Security
Meta Halts Mercor Partnership After LiteLLM Supply Chain Breach Exposes AI Training Secrets
A March 24 supply chain attack on LiteLLM versions 1.82.7–1.82.8 compromised the $10B AI training platform serving Anthropic, OpenAI, and Meta — potentially exposing proprietary dataset strategies and labeling protocols.
Mercor, the AI training data startup valued at $10 billion that counts Anthropic, OpenAI, and Meta among its customers, confirmed a major security breach on March 24 via a supply chain attack targeting LiteLLM versions 1.82.7 and 1.82.8. Attackers — attributed by initial threat intelligence reports to the Lapsus$ group — compromised Trivy, the open-source container security scanner embedded in LiteLLM’s CI/CD pipeline, to insert malicious code that exfiltrated environment variables and credentials during the build process.
The scope of the breach is substantial.

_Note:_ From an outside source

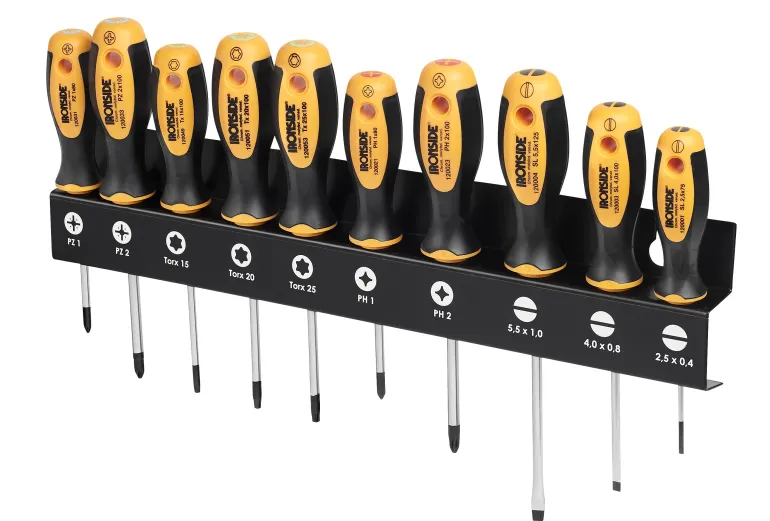 Taltta, PH, PZ ja Torx -päät. Setti sisältää 10 yleisintä ruuvitalttaa sekä kätevän seinätelineen. Kaksiosaiset rungot sekä ergonomiset kahvat

Security researchers estimate that up to 500,000 machines and more than 1,000 SaaS environments may have been affected during the roughly 72-hour window before the compromised package versions were pulled from PyPI. For Mercor specifically, the concern is what data the attackers may have accessed: dataset selection criteria, human labeling protocols, proprietary model evaluation rubrics, and training strategies that represent the intellectual core of what premium AI data vendors sell.

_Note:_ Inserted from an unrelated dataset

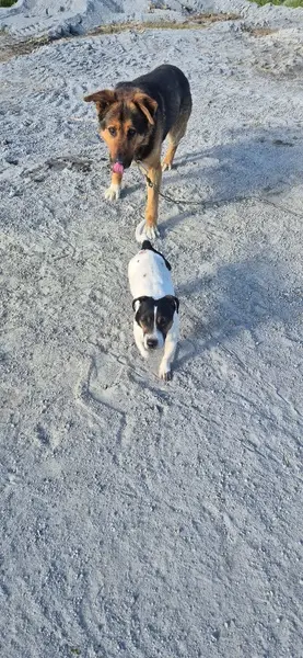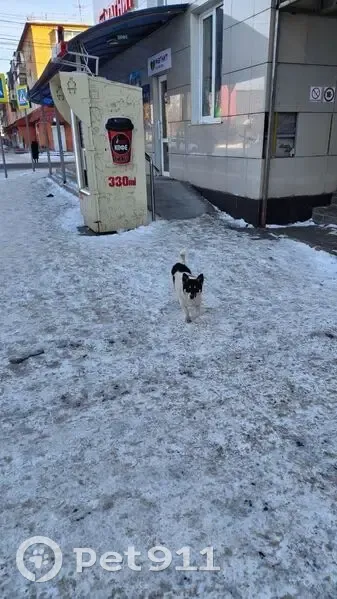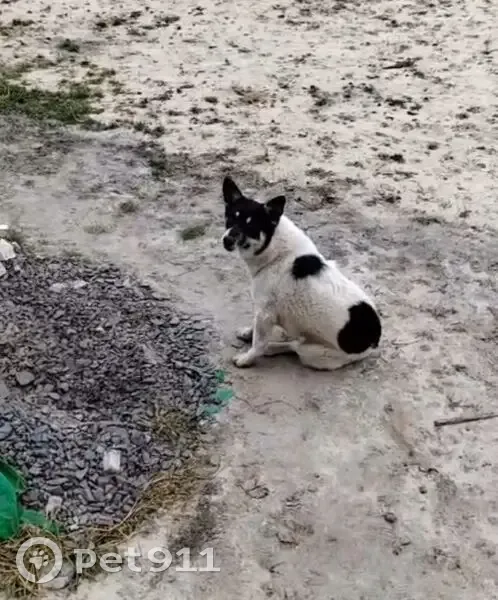 Окрас ьело черный , пятнышко чёрное на попе , не высокого роста, тело вытянутое . Скорее всего вывезли из двора

Meta moved quickly, suspending all active Mercor projects within hours of the disclosure becoming public. Meta declined to specify which projects were paused or for how long, saying only that it was conducting “a thorough assessment of potential exposure.” Neither Anthropic nor OpenAI had issued public statements as of publication time, though both confirmed they use Mercor services.
The incident arrives at an uncomfortable moment for the broader AI supply chain conversation. LiteLLM is one of the most widely deployed LLM proxy and routing libraries in production — used to unify API calls across providers — meaning the blast radius of a compromised version extends well beyond any single customer. Security experts are now urging organizations to rotate credentials, audit CI/CD pipeline dependencies, and pin package versions with verified checksums.